Because of this it is very difficult to state with any degree of certainty figures for ethnic minorities in France or to assess the real impact of immigration on the French population. However, according to the French definition of an étranger as someone born abroad without French nationality, there are currently 4 million foreigners in France, of whom about a third have acquired French nationality. To this, one must add another 5 million who are the children of foreigners and a further 5 million who are the grandchildren of foreigners. So, out of a total population of 59 million, about 14 million (around a quarter) are either foreigners or the children or grandchildren of foreigners (Hargreave: 1995 p.5). INED, the Institut National d'Études Démographiques has, however, recently published some statistics which confirm this

..................................
Immigration as Problem

Throughout much of les trente glorieuses immigration was a marginal issue in French political life. Immigration was largely the business of a few government ministries and agencies in consultation with key employers and trade unions and the governments of the sending countries. During this period immigration was largely depoliticized and seen as an essentially economic matter. Moreover, it was widely assumed that the migrants who arrived in the 1950s and 1960s from North and Sub-Saharan Africa would return home after having earned some money in France and that their residence would be short-term.

By the late 1960s this assumption began to be called into question and by the early to mid-1970s, at least in terms of political opinion and public perception, things began to change. In response to perceived increasing numbers of immigrants entering the country, France began to tighten it immigration policy. The growing economic crisis from the mid-1970s onwards - war in the Middle East and the resulting oil crisis in 1973 led to a recession that hit all major Western economies and which, of course, spelt an end to les trente glorieuses - added impetus to this process. In 1974 the French government officially stopped inward immigration. It was meant to be provisional but by 1977 the ban was made permanent.

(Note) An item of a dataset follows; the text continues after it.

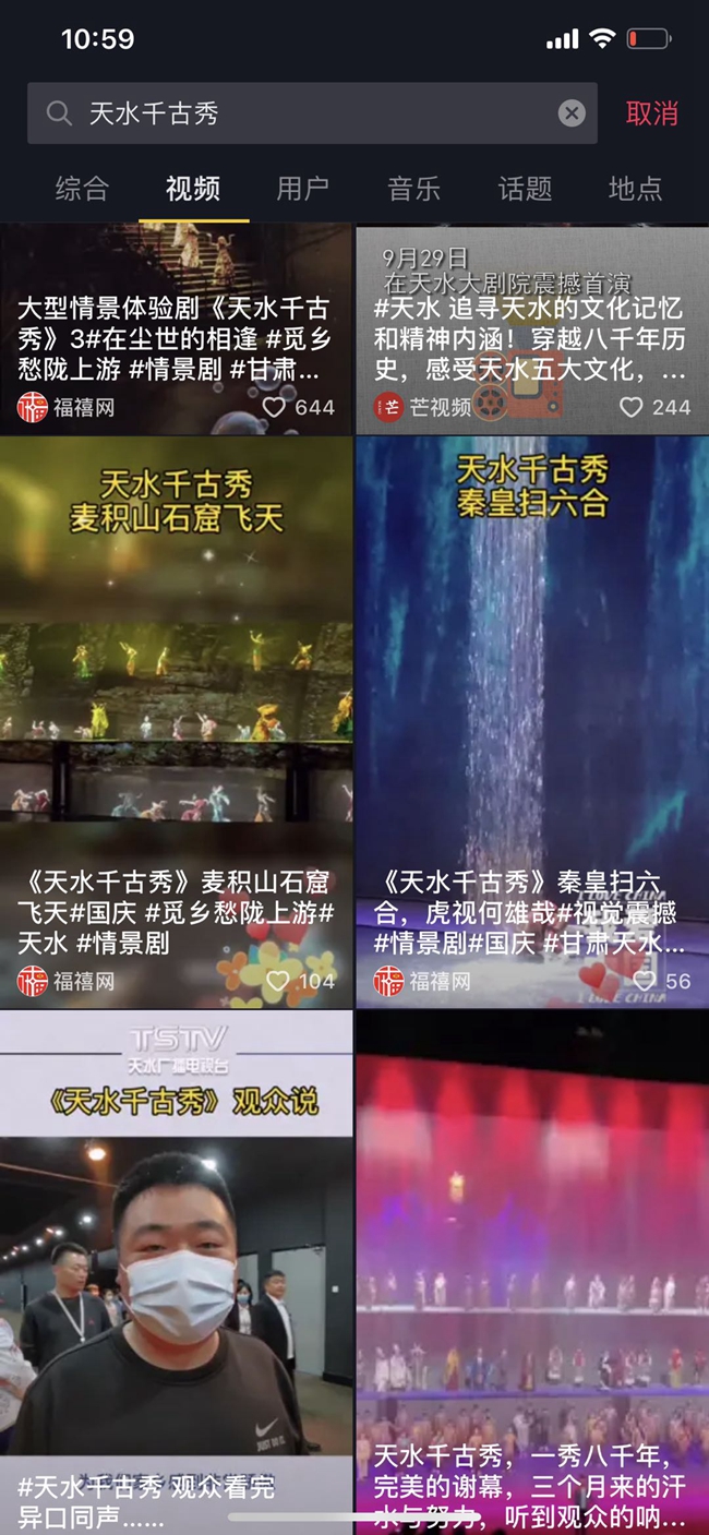 在微信朋友圈、抖音等社交平台,《天水千古秀》正在精彩上演的消息被大量转发。网友宁静致远说:《天水千古秀》是一部贯穿古今的历史巨制,也是文化爱好者来天水不可错过的“满汉全席”。网友悠然说:天水千古秀,一秀八千年。真正的视觉震撼,来天水一定要看!

Lionel Stoléru, the Minister of State for Immigrant Workers tried to encourage many immigrants to return to their country of origin. He began by offering them financial incentives (l'aide au retour) but these incentives were mainly taken up by Spanish and Portuguese immigrants who were happy to return home after the death of Franco in Spain in 1975 and the fall of Salazar in Portugal in 1968. The invitation was not taken by the real target: the Maghrebis. Stoléru went even further and produced proposals for forced repatriation. These proposals, however, failed to gain full parlimentary support.

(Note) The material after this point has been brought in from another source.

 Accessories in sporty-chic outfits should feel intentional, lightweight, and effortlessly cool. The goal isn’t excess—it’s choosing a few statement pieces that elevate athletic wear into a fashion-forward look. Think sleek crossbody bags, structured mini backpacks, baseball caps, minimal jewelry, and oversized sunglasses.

There was, however, no ban on European immigrants or asylum-seekers and indeed those in certain professions. The ban, as you might have guessed, was aimed at immigrants from the Third World. The French government tried to ban family reunification under the 1974 ban but this was overturned in 1978 by the Conseil d'État, France's highest administrative court.

Paradoxically, it is after the block on new immigrants from the Third World that they become more and more visible within French society. Whereas, in the past, immigrant workers were often men living in hostels with other immigrant workers separated from the French, more and more were reunited with their families, or started families of their own and began to move into the housing estates and suburbs and working-class neighbourhoods alongside other French families. Unlike earlier generations of immigrants (i.e. the Italians), they were distinguisable by the colour of their skin and other somatic (relating to the body) features and by their religion (Islam rather than Catholicism). They were recognisably different, other and they were here to stay.

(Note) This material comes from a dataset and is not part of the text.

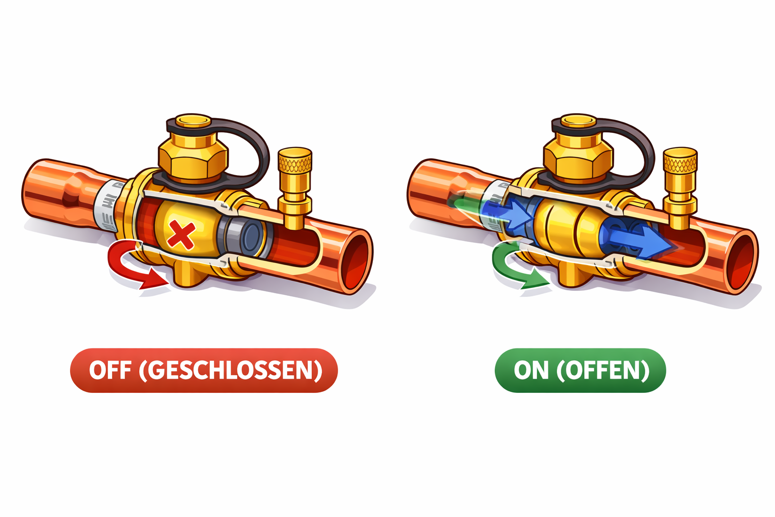 Sie öffnen oder schließen Kältemittelleitungen vollständig.

Maghrebis were met with far greater hostility than the many immigrants from Indochina (Vietnamese, Laotian and Cambodian asylum-seekers, the so-called `boat people') as they were considered relative self-sufficient and were valued for their entrepreneurial skills. Moreover, with their attachment to Arab culture (food, dress, music etc.) and to Islam, the Maghrebian community were perceived by many, not least by Jean-Marie Le Pen and his supporters in Le Front national, as a threat to the integrity of French national identity. Perceived as a culturally alien and unassimilable mass, the Magherbis represented, particularly during political flashpoints like the Gulf War, a menace to French society.

Questions began to be raised about the threat to social cohesion that these ethnic minorities were posing, particularly in the increasingly deprived 1972 the sociologist René Giraud articulated the concept of the seuil de tolérance (threshold of tolerance). By this he meant the point at which the numbers of a minority group became too high for social cohesion to be maintained. If, for example, the numbers of minority groups became too high on a suburban housing estate, social unrest and conflict between different ethnic groups would become inevitable. Moreover, any breaching of the threshold of tolerance by minority groups would entail the exodus of members of the dominant groups, inevitably leading to mono-ethnic ghettos. This theory was a flawed one - it did not, for example, specify the precise percentage that would breach the threshold of tolerance - but it was an enormously influential one.

In the space of just a few decades, immigration had gone from being an essentially economic phenomenon to a social problem of the highest order at the heart of political, cultural and religious debates in France. But to what extent do those immigrants, and their children and grand-children, of non-European descent represent a threat to French national identity? Is the `problem' of an apparently unassimilable and culturally alien population really all that new? And what of the immigrants, and their children and grand-children, themselves? How have they coped with living in France? How have they conceived of their own identities?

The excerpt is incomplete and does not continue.